Nonetheless, his work has elicited its fair share of negative feedback. Including from people Peter would have considered his friends. Wellington, where Peter lives, is a very progressive city. A lot of people, he says, see any discussion on this issue as a far-right and extremely conservative attack on trans people. “But I don’t view it that way. I think that this is progress, acknowledging and factoring these experiences into how people are treated when they show up at doctors.”
When I asked ChatGPT the simple question “What is detrans.ai?”, I received the answer:
“The site’s overall perspective is not neutral. It generally frames transition cautiously or skeptically and often emphasizes: regret after transition, underlying trauma or mental-health factors, social influence, and concerns about medical transition practices. Critics argue that it promotes anti-trans narratives and may steer vulnerable users away from transition.”

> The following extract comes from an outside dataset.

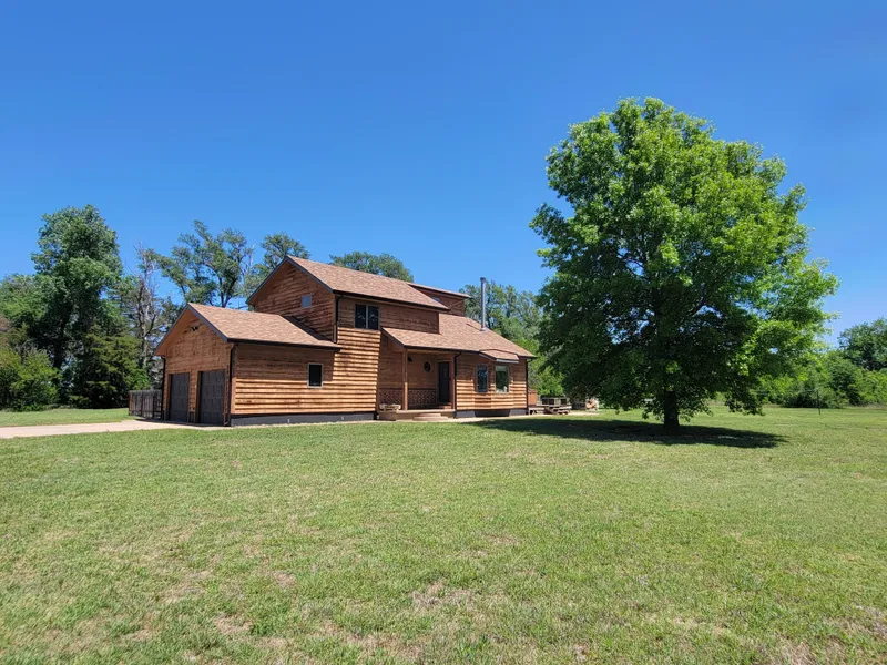This charming country home and small acreage property, off a blacktop, and located within 40 minutes of Wichita is just what you are looking for! You are going to fall in love with this warm and inviting home that features a cozy living room with a bay window, wood burning stove against a beautiful stone hearth, and vaulted ceiling. The eat-in kitchen is spacious and offers ample storage and counterspace, along with newer stainless steel appliances. The kitchen has sliding doors to the deck, to make outdoor entertaining a breeze. The master bedroom is very spacious, has a large walk-thru closet, a beautifully crafted en-suite bath, and access to the deck. There is a remodeled half bath on the main floor as well as main floor laundry. The 2nd floor area is home to another remodeled full bath, spacious bonus room, and bedroom. The partial basement is finished out as a conforming bedroom and mechanical room. Start your day outside on the deck reading a book with a cup of coffee and enjoying the sunrise. As the day warms up take a swim in the saltwater pool or just lounge poolside while the kids and furbabies play. Come evening do a little entertaining with friends on the deck, soak in the hot tub, or take in a stunning Kansas sunset. WHAT A WAY TO ENJOY A LITTLE BIT OF COUNTRY! Theres also a 30x40 shed with concrete floor and a 12x16 shed that can be used as a pool shed, hobby shed, kids playhouse or anything else you want to use that space to create. This home has 2 HVAC systems, 1 updated in 2019 and the other in 2023.

You might think it would be a good idea to steer vulnerable people away from transition. ChatGPT apparently not. The answer appears to confirm the observation that mainstream chatbots are closely aligned with the trans-affirmative perspective. Which makes detrans.ai all the more important. Peter is explicit about his system’s focus on the neglected voices of detransitioners. He doesn’t claim that it covers the entire trans experience. But listening to the voices of detransitioners enables us to ask what trans means to those who have been through transition and back, again. It turns out, as Peter says, that it can mean any number of things to different people. But one thing is certain, the rich experiences of detransitioners contradict by their very nature the theory of innate gender identity and the “born in the wrong body” hypothesis. And this may be the reason why detrans.ai is either studiously ignored or vehemently condemned by the proponents of rapid, unquestioning affirmation and immediate medicalisation of gender-questioning young people and adults.
Detrans.ai was, and continues to be, a labour of love.